The body of the schoolmaster, gazing off with a widened, cross-eyed glare into the ocean, neck ripped open like a bag of sweets, was lying beneath the debris. His torso was missing, shredded so violently from his frail body that blood was still forming a small oasis in the gunk. His legs, however, twisted and ravaged, had been left beneath the rest of him; nothing more than a little doll left broken from rough playtime.
One fainted. One vomited deep vermillion into the pool of blood. Another stumbled away, out into the haze. And once again, none but the lanky woman, frail bones and pale flesh, took note of the jagged bite marks dotting every surface of his torn flesh. On impulse, she leaned forward … and pulled something drowning in red to the surface of the horror. No, not just a jagged bite mark. A jagged tooth.
The town committee was immediately called into session. The nature of the incident meant this session was outside, a half-circle of orderly women in suits in the brewing eye of the storm. Townsfolk gathered around the makeshift, wobbly tables, intent on demystifying the horrific murder. By the time the committee began, there was no space for a path through the crowd. The occasional flash of brick shone up through the shoes of the murmuring congregation. They did not understand, and the less they understood, the more they spoke, and wasted words flowed
over them like a blanket, easing their worries.

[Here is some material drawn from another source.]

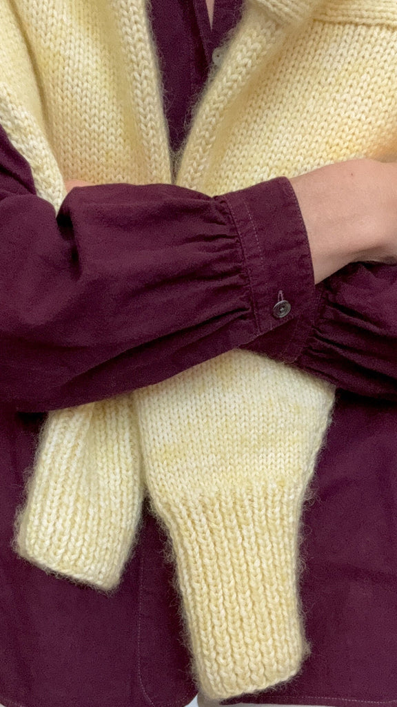 Each Jane Sweater is hand-knit in small batches from a luxurious blend of merino wool and mohair for incredible softness and warmth. The marled nature of the yarns adds texture, depth and uniqueness to every piece.
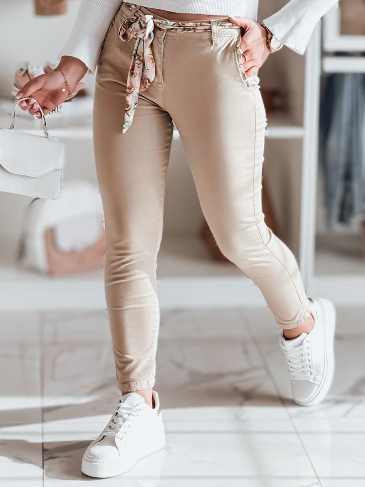 Přidání recenze k Dámské látkové chinos kalhoty s páskem ROSSALI tmavě béžové FashionStreet UY2536

The chief cleared her throat loudly and crisply, and at once, silence swooped down like a fallen crow.
‘This committee will now come into session,’ she declared for maybe the fortieth time in her life, ‘to discuss the cause of Mr … er … the schoolmaster’s death, as well as to debate what must be done in its wake.’
She sat down, embarrassed for a reason she didn’t know. And the talking began.
The crowd were silent spectators, a grunt or a wail their only response to the action. The committee was sharp and precise, quick with its somewhat tangled words, and immediately declared that it wasn’t just murder; whatever had done this to the schoolmaster must have done so for food. Half of his corpse was missing, after all, and a tooth had been recovered from the remains. This made it clear that there was some sort of animal involved, and all human occupants of the town were relieved of charges. A sigh rose up from the crowd, danced above them in the air, then raced off on the wind.
‘Now,’ the chief continued, her voice wavering and slowing, for in truth she knew not what she’d say next, ‘I think the next step is for us to define … why the creature … I mean animal … why it—’
‘It’s obvious!’ came the exasperated bark of the tailor. His shirt was a maze of patchwork, his eyes somehow every colour at once. ‘A mermaid did this.’
But he was young, too young to make such a declaration, and he sent the town into a whirl of chatter.
‘The boy is right!’ cried his mother. ‘I saw one just the other day!’
‘Bollocks!’ came the rebuttal of a fisherman, nervous at being challenged so. ‘The only ones who’ve ever seen one is us.’